Living the dream, she tells me.
Finally, we get to Jones Hollywood.
It's an old LA haunt. I feel Jim Morrison’s presence here, drinking a sazerac, looking about, chatting with the teenager about her first time here with her friend, sharing a bowl of pasta and tomatoes. It feels like the ghosts of LA are with us, sitting in the shadows of the B movie like old haunt, technicolor blurring, Jim Bellushi arriving from Chateau Marmont, Darby Crash on the way to the Oaky Dog where he enjoyed a last supper.
We chat about the people, the dream, Laurel Canyon, and rock and roll, recalling our trips to New Orleans, our adventures then, the ones moving forward.
As we’re leaving, Rodney on the ROQ, the iconic DJ is coming.
His 1976 radio show changed it all.
Back at Santa Monica, we try to watch Sunset Boulevard.
But neither of us make it past the first few lines.
So we get up early.
Surfers are catching waves between Venice and Santa Moncia where we the next morning, talking about class and the week and growing up and navigating leaving home behind, and finding something else. But for a moment, its exquisite.
Enjoy the adventure.
Run toward it, instead of away, in between here and there, bicoastal, ideas, and feelings, divided loyalties between the left Coast and East Village, music here, parties there, trips to Paris ahead and old buddies behind.

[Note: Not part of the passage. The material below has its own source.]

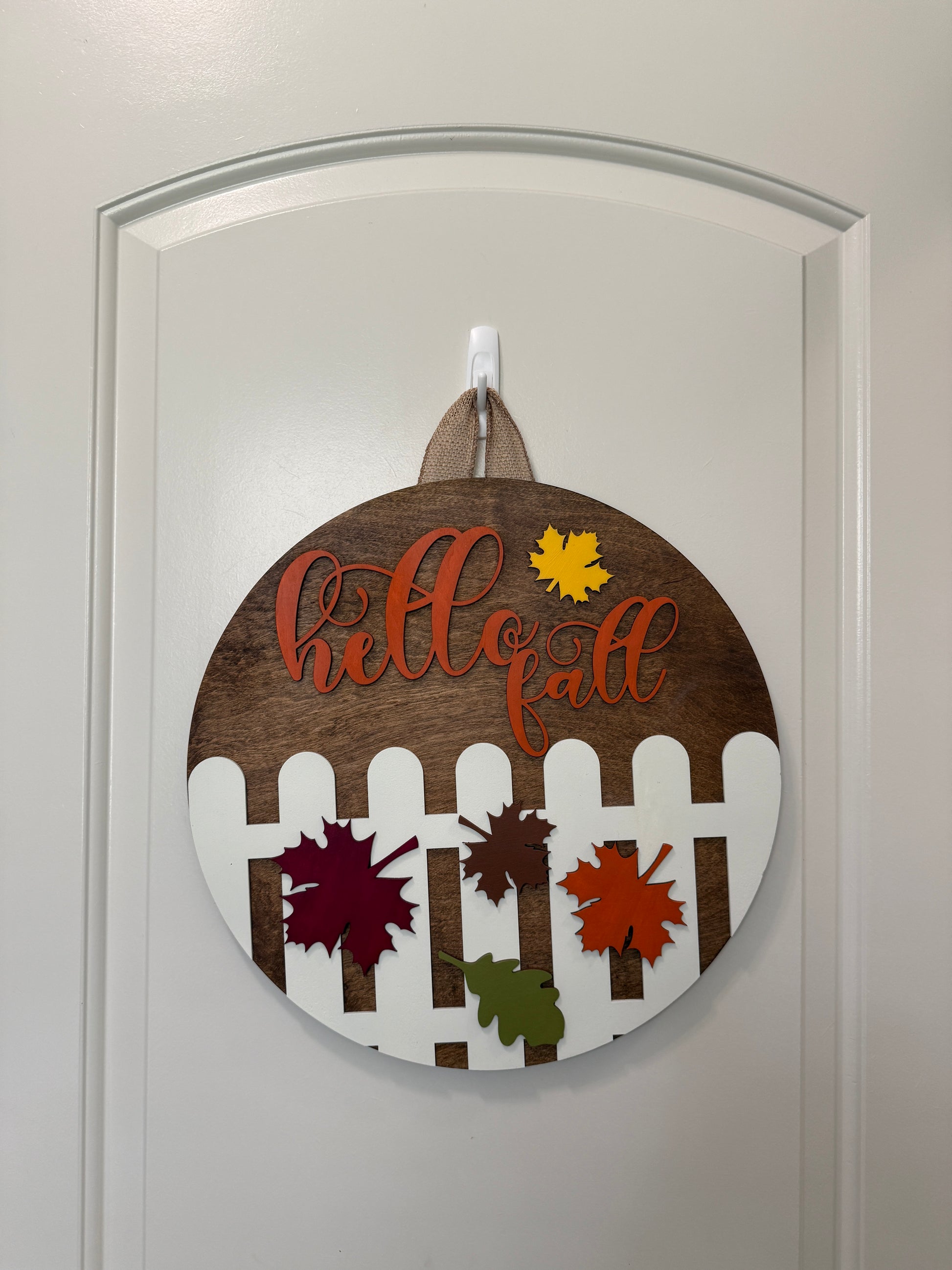 This delightful circular door decoration is a great option for greeting the autumn season! It showcases a rustic wooden backdrop with a lively "Hello Fall (White Picket Fence)" statement in a playful cursive font. Below, a white picket fence embellished with vibrant fall leaves brings a hint of whimsy and charm. This sign is guaranteed to bring some festive joy to your door or wall.

The bus takes us to Melrose where we explore the Flea Market, digging through the old t shirts and artist wares and women in Dada books at Fairfax High School.
And off we go, our separate ways.
Goodbye for now.
See you soon friend.
Enjoy the carnival, the books, adieu.
I hate goodbyes.
Here and there.
Friends.
Appolinaire and company wrote a lot of love letters to each other, says the teenager.
Here’s to another hello for a weekend and another goodbye.
I’m back to Caroline and the little one whose been playing in the trees, going to shows all weekend long.
I get a cab to the airport, rushing to catch the flight after another long goodbye.
Back to New York and poems and books and unions and climate strikes; the teenager careens back to Westwood and books and Hollywood and parties, discovering new romping grounds, mixing new spaces connecting and separating, overlapping through time.
On the way home, I think of our families, of Dad leaving his Dad and Mom, and the day I left our family to fly West, our lives, ever connecting, and separating, the dislocations we force on ourselves, and Appolinaire, who “pushed them and they flew.”